_Source data_
=== Section Start ===

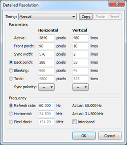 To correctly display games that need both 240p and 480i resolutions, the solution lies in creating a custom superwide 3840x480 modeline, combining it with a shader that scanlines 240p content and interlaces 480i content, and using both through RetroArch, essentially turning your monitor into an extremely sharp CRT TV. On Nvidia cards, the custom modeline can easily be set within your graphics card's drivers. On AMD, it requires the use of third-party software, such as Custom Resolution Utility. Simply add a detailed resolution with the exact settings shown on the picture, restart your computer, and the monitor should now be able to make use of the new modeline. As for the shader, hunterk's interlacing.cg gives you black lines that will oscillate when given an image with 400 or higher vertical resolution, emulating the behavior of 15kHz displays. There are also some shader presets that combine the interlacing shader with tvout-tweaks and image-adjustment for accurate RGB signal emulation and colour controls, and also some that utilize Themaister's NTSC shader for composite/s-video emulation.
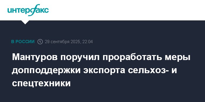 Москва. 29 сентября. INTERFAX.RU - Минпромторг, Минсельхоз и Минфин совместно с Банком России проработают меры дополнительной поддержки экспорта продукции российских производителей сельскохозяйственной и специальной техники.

=== Section End ===
=== Section Start ===

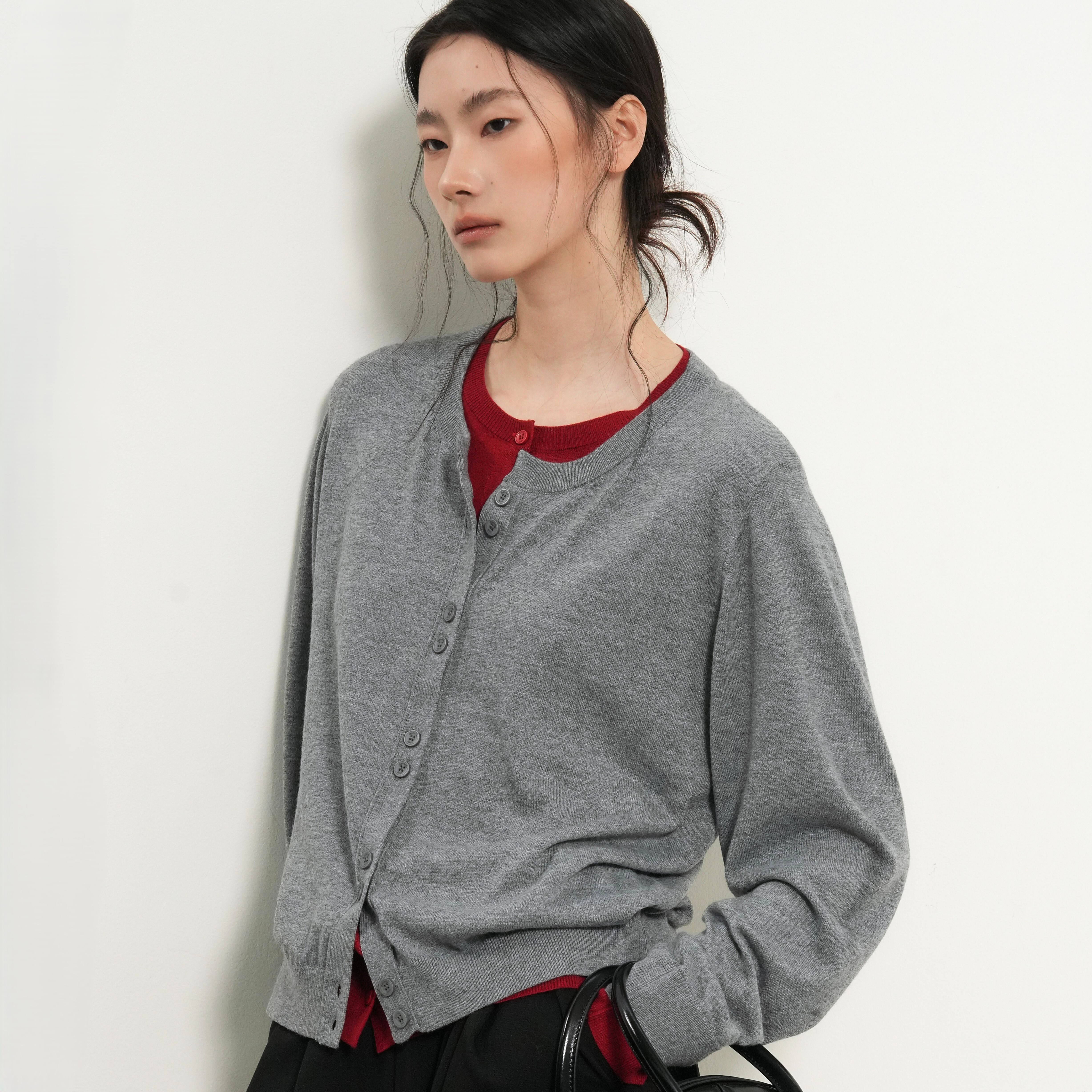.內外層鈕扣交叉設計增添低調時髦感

=== Section End ===

_Problem details_
Please print the lines above word for word, starting at the one with "To correctly display" and ending at the one with "Москва. 29 сентября.", both included, and without any picture.

_Problem solution_
 To correctly display games that need both 240p and 480i resolutions, the solution lies in creating a custom superwide 3840x480 modeline, combining it with a shader that scanlines 240p content and interlaces 480i content, and using both through RetroArch, essentially turning your monitor into an extremely sharp CRT TV. On Nvidia cards, the custom modeline can easily be set within your graphics card's drivers. On AMD, it requires the use of third-party software, such as Custom Resolution Utility. Simply add a detailed resolution with the exact settings shown on the picture, restart your computer, and the monitor should now be able to make use of the new modeline. As for the shader, hunterk's interlacing.cg gives you black lines that will oscillate when given an image with 400 or higher vertical resolution, emulating the behavior of 15kHz displays. There are also some shader presets that combine the interlacing shader with tvout-tweaks and image-adjustment for accurate RGB signal emulation and colour controls, and also some that utilize Themaister's NTSC shader for composite/s-video emulation.
 Москва. 29 сентября. INTERFAX.RU - Минпромторг, Минсельхоз и Минфин совместно с Банком России проработают меры дополнительной поддержки экспорта продукции российских производителей сельскохозяйственной и специальной техники.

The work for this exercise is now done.